С наступлением осени и эти источники доходов иссякли, ибо началась учебная пора. Только и оставалось, что клянчить деньги у маменьки да ждать выхода второй книги «Вечеров…». Писал Гоголь и новые повести, просиживая над рукописями допоздна, покуда две свечи не сожжет, а то, бывало, и заснет прямо за столом, уронив голову рядом с сальною лужицей, набежавшей из подсвечника. В одну из таких ночей, когда рука его начала уставать водить пером по бумаге и фитиль зачадил, утонувши в нагаре, внезапный стук в дверь заставил его вздрогнуть.
Это был тот самый момент, когда явь и сон менялись в сознании местами, не позволяя определить точно, где одно, а где другое. Комната, погруженная в полумрак, выглядела так, будто всего лишь мерещилась. Гоголь вскинул голову, и его лохматая тень перескочила со стены на диван, а оттуда на шкап с тускло отсвечивающим зеркалом.
– Кто там? – спросил он, и собственный голос показался ему незнакомым, ибо прозвучал в слишком высокой тональности.
Ответа не последовало, а просто дверь отворилась, и некоторое время за нею не было видно ничего, кроме мрака на лестничной площадке, которая в столь поздний час была не освещена. Гоголь кинувшийся зажигать вторую свечу, сломал спичку и похолодел. У него была скверная привычка не запираться по вечерам, чтобы не вставать из-за стола или с дивана всякий раз, когда кто-нибудь завернет в гости. Увлекшись писаниями, он забывал задвинуть щеколду и наутро ругал себя за неосмотрительность. Однако же сейчас было не утро, и был Гоголь не сердит, а напуган.

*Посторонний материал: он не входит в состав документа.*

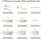 Healthy Ceramic Coating: Made of natural ceramic, our kitchen cookware set is Teflon-free and guarantees no PFAS, PTFE, PFOA,PFOS, lead, or cadmium.Stain-resistant and durable for long-lasting use; Ideal choice for safety-conscious families, especially those with babies Effortless Storage: Save 75% kitchen space by neatly stacking pots and pans in cabinets or drawers; perfect for compact spaces, RVs and campers Innovative Detachable Handles: Transform pots with a "CLICK" into baking dishes, serving plates, or fridge storage, enhancing versatility Ultra Non-Stick Performance: Experience 5X superior non-stick cooking with minimal oil - food just slides off smoothly.No toxic fumes emitted, even when overheated Easy Cleaning: While our cookware is dishwasher-safe for your convenience, we highly recommend handwashing. A simple rinse or quick wipe effortlessly removes any residue, ensuring your cookware remains spotless and maintains its pristine condition with ease Universal Cooktop Compatibility: Enlarged, thickened magnetic base ensures compatibility with all stovetops, including induction and oven; Crafted from recyclable aluminum ensures lightweight yet sturdy, and promotes rapid and even heating 11-Piece Set Includes: 1.3QT(6.3") & 1.8QT(7") saucepans, 8-inch & 11-inch frying pans, 3.2QT(10")sauté pan, 2 removable handles, 7-inch & 10-inch glass lid,silicone slotted turner & ladle Product Description Why Choose Bazova Detachable Handle Pots and Pans Set? Seamless mobility with a click – the removable handles provide flexibility, effortlessly transitioning cookware from stoves to the oven, grill, fridge, and finally to the dinner table. Explore the convenience now. A Versatile Set of Pots and Pans Servers as a frying pan, a dinner plate From Stove, To The Table Unlock the boundless potential of the cookware with its detachable handle – perfect for cooking on any stovetop or serving as elegant dinnerware on the table. Servers as an oven plate Remove Handle, To The Oven Just one click, remove the handle for oven use. Let's make delicious stews! Servers as RV cookware To the Outdoors Stackable and space-saving, our cookware is perfect for RV trips or camping. Enjoy the convenience and ease of bringing our versatile pots along on your journey. Optimal Storage Save 75% Space - Our cookware set is designed for perfect stacking in kitchen drawers, cabinets, cupboards,RVs, travel trailers and motorhomes. Important Tip- We suggest to detach the handle during cooking when you don't need it for fixing. This could greatly extend the lifespan of the handle. Cooking with Ceramic Nonstick Cookware Healthy and Safe Safety First - Our cookware features natural ceramic nonstick,setting it apart from Teflon - free from harmful chemicals and heavy metals such as PFAS,PTFE,PFOA,lead, and cadmium.Prioritize your health with a toxic-free cooking experience. Built for Last -Stain & scratch-resistant,keeps great nonstick performance even after years of use. With Bazova Ceramic Non-stick Ultra Smooth & Nonstick Easy Cooking Smooth interior makes it exceptionally nonstick - perfect for everyday cooking like pancakes, eggs, steaks, and fish. Clean with 5 Sec. Easy Cleaning Rinse or wipe clean - zero residue in 5 seconds. Alternatively, toss it in the dishwasher for time-saving convenience. Heat Transfer Even& Rapid Feature an enlarged and thickened bottom for rapid and even heating. All Stoves Compatible The magnetic conductive bottom ensures compatibility with all stovetops, including induction. 1 What's Included 2 Use & Care

– Да кто же это, черт подери? – вскричал он, поднявши подсвечник с новою яркою свечою.
Темная фигура надвинулась на него, отбрасывая тень до потолка.
– Николай Васильевич, голубчик, – заговорила она, – простите великодушно, что я вот так, без предупреждения, по-простому, но, знаете ли, ехал я мимо и подумал: «А не навестить ли мне моего старинного друга?» И вот я здесь. Встречать меня с распростертыми объятиями не обязательно, но улыбнитесь хотя бы для приличия, друг мой.

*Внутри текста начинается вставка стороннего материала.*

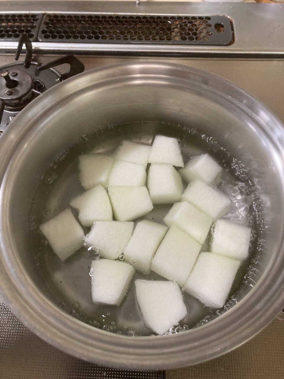 とうがんは皮をむいて種を取り除き、一口大に切って一度ゆでこぼす。

Не сам голос, но ироничная интонация, наполнявшая его, подсказала Гоголю, что перед ним стоит не кто иной, как Яков Петрович Гуро, главный сыщик Третьего отделения императорской канцелярии, этой могущественной и таинственной организации, стоящей выше всех прочих государственных ведомств. Карательным органом ее являлась жандармерия, но это была лишь видимая, надводная, часть айсберга, тогда как вся прочая структура уходила в такие мрачные глубины, где сам черт ногу сломит. Возглавлял ее небезызвестный граф Бенкендорф, которого петербургские друзья Гоголя называли не иначе как «душителем свобод», но делали это исключительно шепотом и с оглядкой, ибо каждый боялся нажить себе столь опасного и злопамятного врага и стать мишенью для политического сыска России. Формально граф подчинялся только одному человеку – его величеству императору, но знающие люди поговаривали, что он сосредоточил в своих руках всю власть в Российской империи.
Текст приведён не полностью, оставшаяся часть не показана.